Vers minuit, nous passons l’Aisne. Il n’a pas cessé de pleuvoir. Deux falots marquent seulement l’entrée du pont construit par le génie. Il vacille sous les pas des attelages, on entend l’eau clapoter sur les panses de tôle des bateaux.

À présent, la route est libre. En avant, les batteries prennent le trot. Un cheval empêtré arrête un instant les échelons, mais, avant qu’ils aient pu rejoindre la tête de la colonne, un carrefour se présente. Dans l’ombre épaisse, rien n’indique plus le chemin qu’ont suivi les premières voitures.
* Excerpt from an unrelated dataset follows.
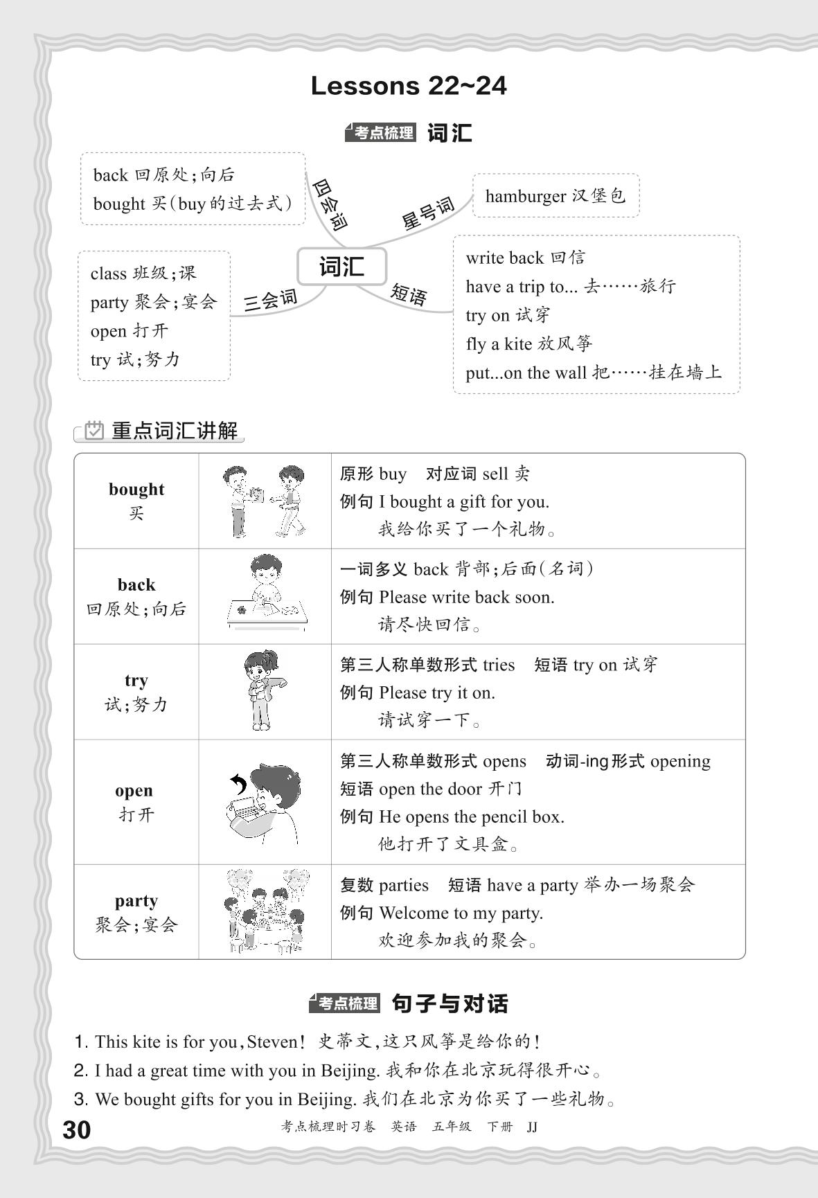 2024春下册五年级英语冀教版 考点梳理手册——Unit 4 Lessons 22~24

On écoute… On croit entendre un roulement vers la droite. On s’engage sur la route d’où semble venir le bruit. Les conducteurs activent leurs chevaux. Du regard, on sonde la nuit, espérant toujours voir sortir de l’ombre la lourde forme d’un caisson ou d’une pièce. En vain. La chaussée se rétrécit. À chaque minute on risque d’aller au fossé. Il faut bien reconnaître que nous nous sommes égarés.

Le lieutenant donne l’ordre de faire halte. Nous attendons le jour pour repartir. L’averse redouble de violence. On ne sait où trouver un abri. Les servants, sur les coffres, se serrent les uns contre les autres et s’immobilisent. Les conducteurs pataugent à la tête de leurs attelages.